Single thread CPU Linear algebra is the bottleneck of most small systems, so if you can't do that right, you are going to have problems. If you don't believe the benchmark, feel free to run them yourself.

That said, Jax also has bigger issues in it's handling of higher derivatives. Currently, it only supports a few types of jacobians, and the ones it is missing include all the sparse methods that can make your code orders of magnitude faster. https://jax.readthedocs.io/en/latest/notebooks/autodiff_cook.... DifferentialEquations, on the other hand can do automatic sparsity detection https://diffeq.sciml.ai/stable/tutorials/advanced_ode_exampl....

This post is about Big Simulations, not small systems. Like, hundreds to thousands of cores wiht parameters that don't fit in RAM on a single machine.

I am sure the benchmark produces the numbers the author says, but it's not measuring something useful to the posters of this simulation.

XLA only optimizes quasi-static code, which does not include adaptive numerical solvers like those for ODEs. It's a generally good assumption for ML though, but there are ways to break it. I wrote a piece showcasing some ideas around that: https://www.stochasticlifestyle.com/useful-algorithms-that-a...
IIUC people have already run MD (which is the field I used to work in) on XLA, https://twitter.com/sschoenholz/status/1334997741185814530 In these cases it's almost always better (unless you are a numerical genius) to port to the engine, than to try to make a better algorithm that runs on a smaller engine.
Yes, that has nothing to do with what I just said though. Of course MD is fine because symplectic ODE solvers cannot generally have adaptivity (without tricky and very expensive handling of `t` inside of the Hamiltonian which nobody does because it's still an active research topic how to make it computationally viable). So MD gets a quasi-static code which XLA is fine with optimizing. I was explicitly talking about the non-quasi-static cases.
I've worked in ODEs for 20+ years and I don't think that non-quasi-static solvers have really ever come up. Are these commonly used? IE, how much CPU/GPU/TPU time is spent on them globally and how useful are they?
Have you used almost any ODE solver? Almost every single one uses embedded methods to adapt time steps. ode23, ode45, ode23t, ode23tb, ode15s, LSODE, LSODA, radau, rodas, VODE, CVODE, ... even for DAEs you have DASSL, IDA, ... I can keep going but it's just listing every ODE solver code out there. Once you do that then the computation is dependent on values and thus the full compute is not determined by the input sizes, which is something known to be blocking the full usage in Jax because of XLA limitations (for example the implementation of dense output).
I'm also surprised that XLA.jl doesn't seem to have had continued development: https://github.com/FluxML/XLA.jl

When in doubt, piggybacking on (or at least interoperating with) what the large technology companies are investing in is probably savvy, sort of what the OP did.

XLA.jl was kind of a solution looking for a problem.
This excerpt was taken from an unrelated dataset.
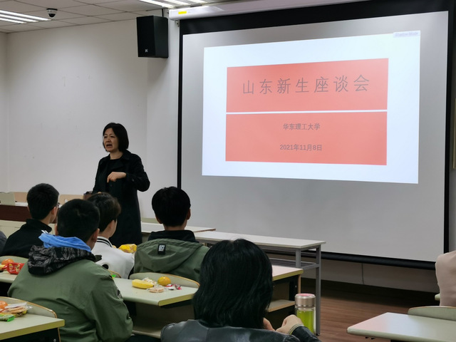 座谈会在轻松愉悦的氛围中进行,来自山东、山西省的新生和老师们聊家乡,聊老员工活,从家乡的人文地理、美食特产,到初入华理的学习体验、生活趣事,大家在欢声笑语中逐渐熟悉彼此,现场其乐融融,师生欢聚一堂。

If you want fast code in Julia, you can just write Julia.
That's incorrect. If you work with mid-sized neural networks and MCMC sampling, allocations start to play a significant role (And Flux.jl is bad at preallocation). Prealloc.jl does not work properly. Zygote.jl adds even more allocations to the mix...

Jax/XLA completely solves this problem. Yes, it's annoying that you have to work with a static graph but if your problem fits the description... it's great.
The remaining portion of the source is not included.